Afghan Refugee Nonprofits Navigate Austin’s Affordability and COVID Concerns

AUSTIN (KXAN) – The need for affordable housing has been at the center of discussions in Austin in recent years, spurred by continued rent inflation and limited availability of housing. While some longtime residents have been forced to relocate from Austin due to rising prices, a subgroup of newcomers are struggling to access them amid limited housing units and transportation access. : Afghan refugees.

This is where several local organizations and Good Samaritans stepped in.

Amid the Afghan crisis and last summer’s upsurge in resettlement of Afghan refugees around the world, Austin has already taken in hundreds of refugees. By the end of the 2021-2022 fiscal year, Refugee Services of Texas estimates that 1,020 refugees will settle in Austin.

But beyond the move itself, calling a place “home” isn’t just about having a temporary residence, said Anjum Malik, executive director of the Austin-based nonprofit Global Impact Initiative. Many refugees who move have short-term housing options, but need to find more stable services after their first months in the United States, she said.
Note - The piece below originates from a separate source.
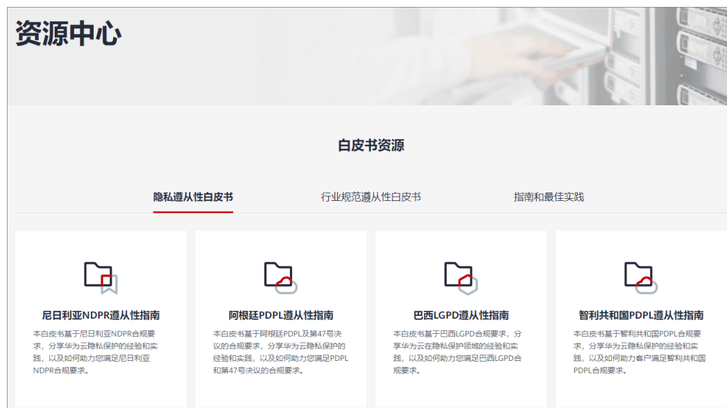
图 5-3 资源中心

“Most Americans face the challenge of affordable housing. Now imagine you are a refugee, ”she said. “You come to the United States with no connection to the community. “

As part of GII’s services, Malik and volunteers help find employment opportunities for refugees, get their children educated, and secure daily essentials such as WiFi, SIM cards and transportation. The non-profit organization also runs educational webinars and mentoring programs to help those coming to the United States improve their English skills and job training for the job.

Aijaz Hassan, president of the North Austin Muslim Community Center, said these same challenges hurt the refugees served by NAMCC. But one of the main issues affecting the resettlement of Afghan refugees around the world is not just the affordability component, but the community.

“When they get here they suddenly feel that there is no home for them,” he said. “So what we’ve also done is feel them welcome in this country – feel them so they’re not alone. “

Hassan said NAMCC has assembled teams of volunteers who speak multiple languages ​​and paired them with refugees whose mother tongues align, to help streamline this channel of communication. NAMCC has expanded its ESL program to accommodate the small increase in Afghan refugees from central Texas and is coordinating with volunteers to transport students to and from their current accommodations to the program.

As with virtually every aspect of life, the COVID-19 pandemic has posed its own threats to Afghan refugees, namely safe access to groceries and other household resources.

NAMCC leaders launched a drive-through grocery service at the start of COVID-19, with weekly in-person or delivery services provided. Twice a week, volunteers distribute diapers, formula and other essentials to mothers of infants and young children.

Since late August, resident Annie Hardy has been working alongside her colleagues on Afghan resettlement efforts. The community, she said, has a double meaning when it comes to refugee resettlement.

The first concerns the resources made available to Afghan refugees, as well as their invitation to meet, collaborate and develop relationships with other Afghans in the community. The second element, and a critical one, is how the large Austin community accepts those who now inhabit the area, she said.

“You have these pockets of Austinites where they’re like, ‘Oh, there’s a lot of Afghans who moved into my neighborhood. I want to give them clothes, I want to go ahead and visit them, I want to welcome them, ”she said. “So you have these very important organized efforts like the GII and the NAMCC, and then you have these pockets of guerrilla welcome teams all over town who recognize that there is something that is needed. “

Suma Aithal, who works with Hardy, has helped a family living in a two-bedroom apartment deal with apartment leases and other financial costs. For the family of five – the couple, their two children and a cousin – Aithal said working with local organizations has helped explain their refugee status to landlords and extend leases.

“The kids are so excited every time I go there and grab something for them,” she said. “It’s really heartwarming to see that and I think when you get to know the family it gets really personal.”